- Born: 10 June 1975 (age 51)
- Education: University of Groningen (MA) University of Cambridge (PhD)
- Awards: Royal Society University Research Fellowship
- Scientific career
- Fields: Cognitive neuroscience
- Workplaces: University of Cambridge University of California, Berkeley Radboud University Nijmegen
- Thesis: Parkinson's disease as a model of dopamine-dependent fronto-striatal cognitive dysfunction (2003)
- Doctoral advisor: Trevor Robbins
- Website: roshancools.com

= Roshan Cools =

Dutch neuroscientist

Roshan Cools (born 10 June 1975) is a professor of Cognitive Neuropsychiatry at Radboud University Nijmegen. She is interested in the motivational and cognitive control of human behaviour and how it is impacted by neuromodulation. She was elected to the Royal Netherlands Academy of Arts and Sciences in 2018.

== Early life and education ==
Cools was born in the Netherlands. Her father was a brain scientist and she recalls conversations about the brain and dopamine at the dinner table. Cools studied neuropsychology at the University of Groningen. She graduated cum laude in 1998 and moved to the United Kingdom. Cools worked with Trevor Robbins at the University of Cambridge on Parkinson's disease for her PhD awarded in 2002.

==Career and research==
After earning her doctoral degree she worked as a Junior Research fellow and Royal Society Dorothy Hodgkin Fellow at St John's College, Cambridge. She moved to the University of California, Berkeley, where she spent two years as a postdoctoral fellow with Mark D'Esposito. She won a Royal Society University Research Fellowship which was based at the University of Cambridge.

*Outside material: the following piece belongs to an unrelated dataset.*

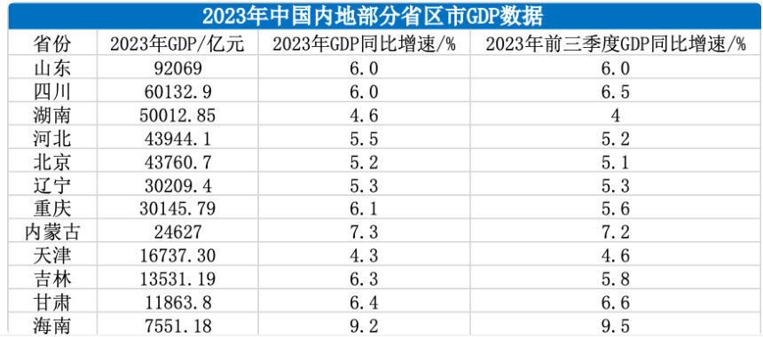 從GDP總量看,12個省份從高到低依次為山東(92069億元)、四川(60132.9億元)、湖南(50012.85億元)、河北(43944.1億元)、北京(43760.7億元)、遼寧(30209.4億元)、重慶(30145.79億元)、內蒙古(24627億元)、天津(16737.30億元)、吉林(13531.19億元)、甘肅(11863.8億元)、海南(7551.18億元)。

In 2007 Cools moved back to the Netherlands, where she worked in the Centre for Cognitive Neuroimaging in the Donders Institute for Brain. At the Radboud University Nijmegen Cools leads the Motivational and Cognitive Control Lab. She was promoted to Full Professor in 2011. She studies the role of neuromodulators (dopamine and serotonin) in the control of decision making. She showed that the genes associated with dopamine impact how we learn from the long-term consequences of decisions, whilst serotonin is more strongly associated with short-term choices. She has also shown that people who gamble have increased levels of dopamine in their brains, whilst people who are addicted to drugs have average or lower than normal levels of dopamine.

She used her expertise in decision making to show that dominant individuals are avid social learners; whilst they value their independence, they rely on social learning in complex decision making tasks. She is interested in advancing understanding of neuropsychiatric disorders, including impulse control disorder, Attention Deficit Hyperactivity Disorder (ADHD) and Parkinson's disease. She demonstrated that people suffering from schizophrenia have motivation deficits from very early stages of their diagnoses, which are unrelated to their treatments.

Cools is interested in the mechanisms by which we exert willpower and what happens to willpower in people with ADHD. She believes that the goals that are characteristic of human behaviour can be classified as motivational (i.e. maximise reward) and cognitive (i.e. complete task). Her research considers the interactions between motivational and cognitive control. Cools demonstrated that the neural networks of psychopathic criminals are different to that or normal people, with a strong focus on reward and a lack of self-control.

She was appointed to the Advisory Council for Science and Technology Policy to the Dutch government in 2014.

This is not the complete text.